A ausência de investimentos em itens tão fundamentais como os
serviços de saneamento têm impactos sobre a saúde da população e o meio
ambiente. O estudo do IBGE mostra que, em 2000, foram registrados mais
de 800 mil casos de seis doenças - dengue, malária, hepatite A,
leptospirose, tifo e febre amarela - que estão diretamente ligadas à má
qualidade da água, às enchentes, à falta de tratamento adequado do
esgoto e do lixo. Naquele ano, mais de 3 mil crianças com menos de
cinco anos morreram de diarréia.
A pesquisa do IBGE demonstra grande desigualdade na distribuição dos
serviços pelas grandes regiões do País. A região Sudeste se destaca
como a área com os melhores serviços de saneamento. Por outro lado, as
regiões Nordeste e Norte são as que apresentam os piores índices. No
Nordeste, mais da metade dos municípios não conta com rede de
abastecimento de água e de esgotos." (daqui)

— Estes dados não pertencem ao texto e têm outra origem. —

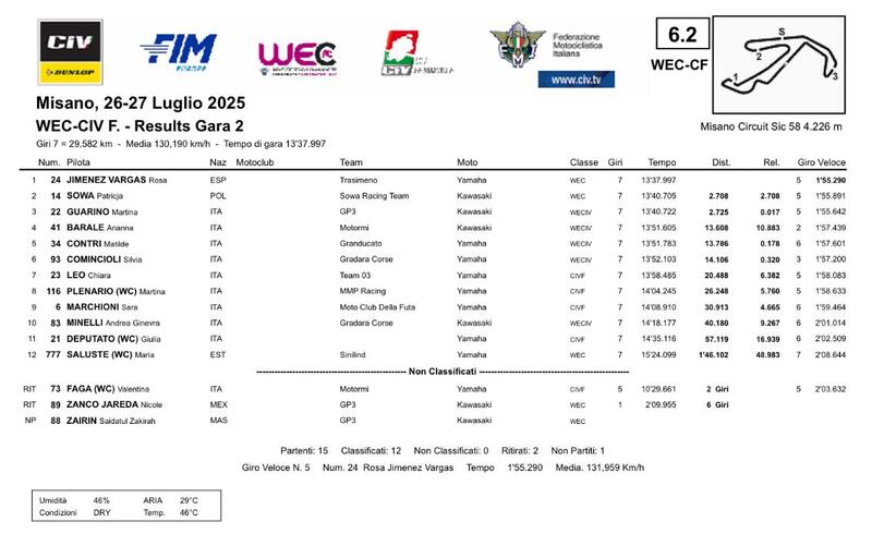 La top 3 della classifica assoluta recita: Rosa Jimenez Vargas, Patrycja Sowa e Martina Guarino. Il duo di testa si è scambiato le posizioni rispetto a quanto era accaduto in Gara1, ricordandovi che la spagnola e la polacca competono esclusivamente nel campionato europeo. Guarino appartiene invece alla classifica che tiene conto anche del campionato italiano ed è dunque lei la vincitrice di Gara2 del CIV Femminile. La pilota numero 22 è seguita da Arianna Barale e Matilde Contri, che completano il podio tricolore. Entrambe appartengono infatti, come Guarino, alla classifica WECIV (WEC + CIV Femminile).

O site do Ministério das Cidades tem muito material interessante sobre o assunto no Sistema Nacional de Informações sobre Saneamento.
Bueno, se um país não consegue investir sequer em saneamento básico, que dirá investir na proteção dos seus mananciais, como o Aqüífero Guarani. Talvez nem seja o caso de uma guerra, pois é muto fácil tomar conta de algo que não é cuidado.
Só nos restará pedir:
Tio, me dá um gole d'água, por favor!Imagens: Wikipédia, Embrapa e Santa Genebra.